• _WHAT TO DO_
Repeat each record word for word. Leave nothing out.

Entries taken from a collection:
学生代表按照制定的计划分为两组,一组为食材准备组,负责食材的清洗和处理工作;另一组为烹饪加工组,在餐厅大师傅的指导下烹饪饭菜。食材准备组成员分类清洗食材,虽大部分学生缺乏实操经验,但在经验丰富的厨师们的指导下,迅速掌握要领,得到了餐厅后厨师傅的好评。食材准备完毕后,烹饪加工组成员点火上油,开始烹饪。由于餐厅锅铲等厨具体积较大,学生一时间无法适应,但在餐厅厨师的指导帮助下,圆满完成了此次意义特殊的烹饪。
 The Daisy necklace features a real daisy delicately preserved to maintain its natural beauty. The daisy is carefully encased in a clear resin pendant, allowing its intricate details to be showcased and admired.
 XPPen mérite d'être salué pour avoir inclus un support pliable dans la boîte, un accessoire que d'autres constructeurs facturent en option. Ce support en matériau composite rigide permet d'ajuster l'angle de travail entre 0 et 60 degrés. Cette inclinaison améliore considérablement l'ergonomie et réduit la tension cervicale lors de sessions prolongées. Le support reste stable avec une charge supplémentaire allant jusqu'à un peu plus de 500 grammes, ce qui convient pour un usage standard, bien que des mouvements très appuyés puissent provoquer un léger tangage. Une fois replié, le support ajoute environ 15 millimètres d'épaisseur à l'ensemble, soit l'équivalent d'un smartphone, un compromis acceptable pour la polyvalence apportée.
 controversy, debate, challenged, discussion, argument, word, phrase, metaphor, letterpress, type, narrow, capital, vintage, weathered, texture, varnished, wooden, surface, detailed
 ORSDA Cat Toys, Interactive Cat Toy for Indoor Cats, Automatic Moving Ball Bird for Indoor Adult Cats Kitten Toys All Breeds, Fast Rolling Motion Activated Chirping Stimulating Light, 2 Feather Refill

• _ANSWER BELOW_
学生代表按照制定的计划分为两组,一组为食材准备组,负责食材的清洗和处理工作;另一组为烹饪加工组,在餐厅大师傅的指导下烹饪饭菜。食材准备组成员分类清洗食材,虽大部分学生缺乏实操经验,但在经验丰富的厨师们的指导下,迅速掌握要领,得到了餐厅后厨师傅的好评。食材准备完毕后,烹饪加工组成员点火上油,开始烹饪。由于餐厅锅铲等厨具体积较大,学生一时间无法适应,但在餐厅厨师的指导帮助下,圆满完成了此次意义特殊的烹饪。
 The Daisy necklace features a real daisy delicately preserved to maintain its natural beauty. The daisy is carefully encased in a clear resin pendant, allowing its intricate details to be showcased and admired.
 XPPen mérite d'être salué pour avoir inclus un support pliable dans la boîte, un accessoire que d'autres constructeurs facturent en option. Ce support en matériau composite rigide permet d'ajuster l'angle de travail entre 0 et 60 degrés. Cette inclinaison améliore considérablement l'ergonomie et réduit la tension cervicale lors de sessions prolongées. Le support reste stable avec une charge supplémentaire allant jusqu'à un peu plus de 500 grammes, ce qui convient pour un usage standard, bien que des mouvements très appuyés puissent provoquer un léger tangage. Une fois replié, le support ajoute environ 15 millimètres d'épaisseur à l'ensemble, soit l'équivalent d'un smartphone, un compromis acceptable pour la polyvalence apportée.
 controversy, debate, challenged, discussion, argument, word, phrase, metaphor, letterpress, type, narrow, capital, vintage, weathered, texture, varnished, wooden, surface, detailed
 ORSDA Cat Toys, Interactive Cat Toy for Indoor Cats, Automatic Moving Ball Bird for Indoor Adult Cats Kitten Toys All Breeds, Fast Rolling Motion Activated Chirping Stimulating Light, 2 Feather Refill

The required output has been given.